In my fanny pack one of the things in it beside a small tin of hooks and sinkers i carry a spool of upholstery thread it takes about 15 lbs to break it so i use that for fishing line and it goes good with the needles i carry in the pack too--just like the old days when all we had was that black nylon line to fish just cut a sapling and fish---just thought i would pass this on


----------



## Genevieve (Sep 21, 2009)

sounds good. bet it wraps and folds better than the fish line. that stuff is slippery.
Do you carry a whole spool or is it more like a bobbin's worth?

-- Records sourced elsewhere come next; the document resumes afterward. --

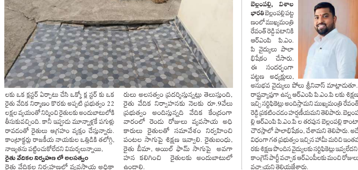
రైతు వేదికల నిర్వహణలో అలసత్వం

రైతు వేదిక నిర్మాణం కొరకు అప్పటి ప్రభుత్వం 22 లక్షల వ్యయంతో నిర్మించి రైతులకు అందుబాటులోకి తీసుకువచ్చింది. కానీ ఇప్పుడు మూన్యాక్షేప గ్రామంలో రావడంతో రైతులు అగ్రహం వ్యక్తం చేస్తున్నారు. కాంట్రాక్టర్లు రాజకీయ నాయకుల ఒత్తిడికి తలొగ్గి, నాణ్యతను పట్టించుకోలేదని విమర్శలు ఉన్నాయి. రైతు వేదికల నిర్వహణలో అలసత్వం రైతు వేదికల నిర్వహణలో వ్యవసాయ అధికారులు అలసత్వం ప్రదర్శిస్తున్నట్లు తెలుస్తుంది.
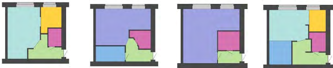
Рис. 2. Существующая планировка и варианты перепланировки однокомнатной квартиры
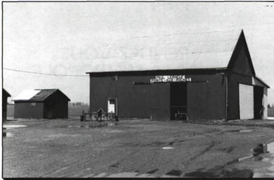
Une francophonie qui s'affirme

anybody notice how much thread ( good thread) and needles cost now? geesh


----------



## Grimm (Sep 5, 2012)

Genevieve said:


> sounds good. bet it wraps and folds better than the fish line. that stuff is slippery.
> Do you carry a whole spool or is it more like a bobbin's worth?
> 
> anybody notice how much thread ( good thread) and needles cost now? geesh


This is why I try to buy a few extra spools when I see it on sale or I have coupons for Joann's.


----------



## cowboyhermit (Nov 10, 2012)

That is what I use for fixing clothes, straps, etc. have had very good luck with it and there are indeed many uses so I always try to have some with me. Has even saved people in an embarrassing wardrobe malfunction situation.


----------



## camo2460 (Feb 10, 2013)

I have a 1000 ft. spool of imitation Sinew that I use for every thing. It is very strong, can be rolled into round pieces, spliced, split into smaller pieces, or using a reverse twist, makes a very good Bow String. It can be used to mend clothing, fish line, snares, lashing and many other uses and it wont deteriorate. Check it out at "Crazy Crow Trading Post. com".


----------



## marlas1too (Feb 28, 2010)

genevieve i carry 2 spools in my fanny pack and each is 150 yrds.


----------



## Genevieve (Sep 21, 2009)

marlas1too said:


> genevieve i carry 2 spools in my fanny pack and each is 150 yrds.


good to know :2thumb:


----------



## bfastnate (Jun 25, 2015)

Para cord and hooks are also a good fishing tool to catch the bigger fish also para cord bas many other uses


----------



## marlas1too (Feb 28, 2010)

true parrcord is usefull but catching even small fish in a survivle situation. you will catch more small than big fish JMHO


----------



## Genevieve (Sep 21, 2009)

I think I'd rather keep the paracord for other uses and use the thread or fishing line for fishing.
The cord could be more useful as snares and lashing a lean-to together and such


----------



## crabapple (Jan 1, 2012)

Genevieve said:


> I think I'd rather keep the paracord for other uses and use the thread or fishing line for fishing.
> The cord could be more useful as snares and lashing a lean-to together and such


Upholstery thread is a new one for me, but I agree that it is better for fishing & sewing. It is small, lightweight, so space will not be a problem.
550 is great for other thing.


----------



## JustCliff (May 21, 2011)

I have one of these kits. Ace hardware carries the kit and spare needles and thread. If your local Ace does not, all the extras can be ordered. They have different type and weights of threads. They also have the different needles you will need. 
IMO this is a can't do without prep. A lot of the things we have as preps are heavy duty. This will help you keep them mended and allow you to add on things and stuff. They are also a must for repairing your boots, belts, tack......whatever.
http://www.speedystitcher.com/speedy-stitcher-products/


----------



## JustCliff (May 21, 2011)

Also. I see folks mentioning paracord. Paracord does have it's place. Something ya'll may want to consider is 1/8th solid braid nylon rope. I use it for shoestrings and such. It holds up better than paracord as shoelaces.
You can buy a 1000 ft. roll for under a $100. much cheaper than shoestrings.


----------



## crabapple (Jan 1, 2012)

JustCliff said:


> I have one of these kits. Ace hardware carries the kit and spare needles and thread. If your local Ace does not, all the extras can be ordered. They have different type and weights of threads. They also have the different needles you will need.
> IMO this is a can't do without prep. A lot of the things we have as preps are heavy duty. This will help you keep them mended and allow you to add on things and stuff. They are also a must for repairing your boots, belts, tack......whatever.
> http://www.speedystitcher.com/speedy-stitcher-products/


I have one of these, it works well.
I did not get it from Ace.


----------